Commonly viral sequences are captured in NGS data extracted from human samples. In order to screen NGS data of human cell lines, this workflow has been developed. It was conducted on publicly available human CCLE (https://sites.broadinstitute.org/ccle) RNA-seq and whole-exome-sequencing (WES) data sets. In particular DLBCL, LCLL, multiple myeloma and some virus negative cell lines were screened for viral sequences. By evaluating with other wet lab methods, RNA-seq turned out to reliably detect existing viral existence in the samples. The analysis results have been published in Plos One (PMID: 30629668 PMCID: PMC6328144 DOI: 10.1371/journal.pone.0210404). CCLE sequencing data is available via https://portal.gdc.cancer.gov/legacy-archive/search/f - since NGS data is provided as bam files, these have to be translated back to fastq files before starting this workflow.

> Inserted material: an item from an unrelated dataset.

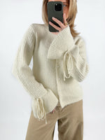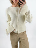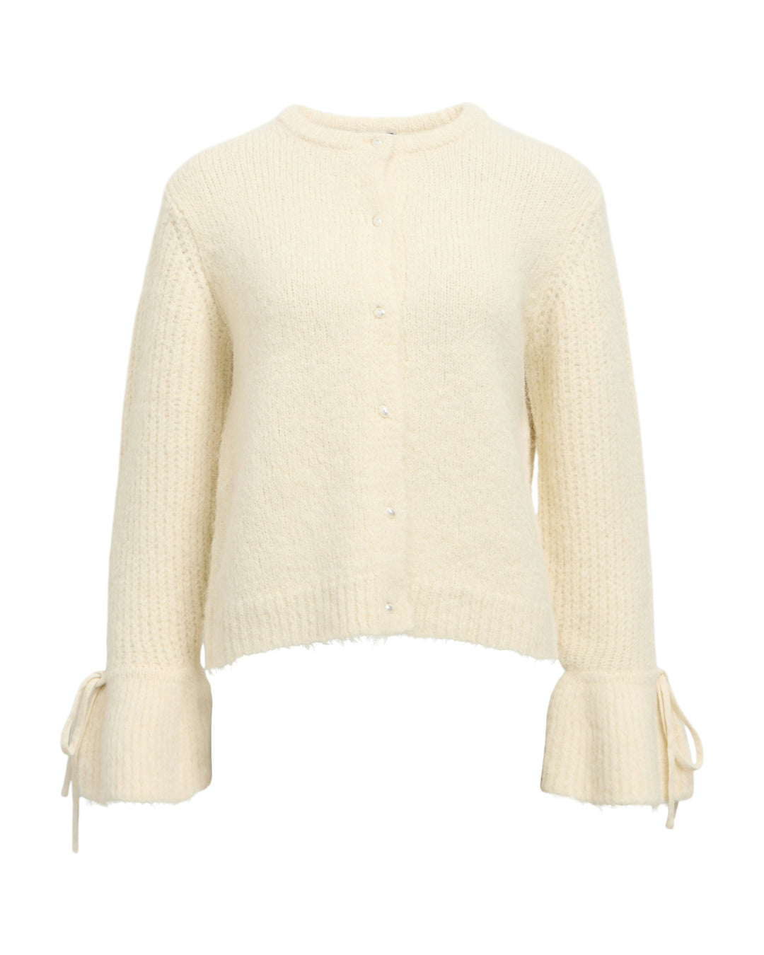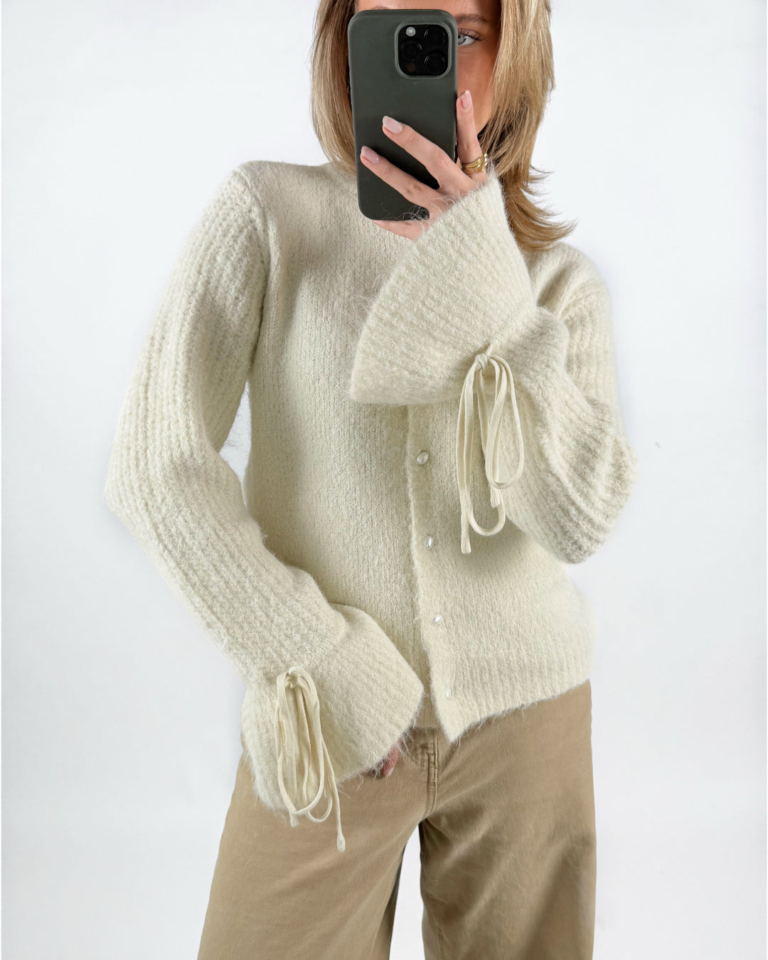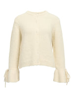 Den vackra SALIKA stickade cardigan, creme är en verkligen elegant cardigan med knapplåsning och vackra detaljerade ärmar.

Creating STAR aligner index files

Before starting the alignment via STAR, index files need to be set up. In order to obtain unique mapping hits, short read sequences were mapped to the human genome and selected viruses simultaneously. For this, fasta files for Homo sapiens were retrieved from GATK (hg38 including ebv) and for viruses from NCBI (hbv:NC_003977.2.fa, hcv:NC_004102.1.fa, hhv8:NC_009333.1.fa, hiv1:NC_001802.1.fa, hiv2:NC_001722.1.fa, hpv:NC_004500.1.fa, htlv1:NC_001436.1.fa, htlv2:NC_001488.1.fa, mlv.AF221065.1.fa, smrv:NC_001514.1.fa, xmrv:FN692043.2.fa) and merged to one fasta file, which served for producing the STAR index files.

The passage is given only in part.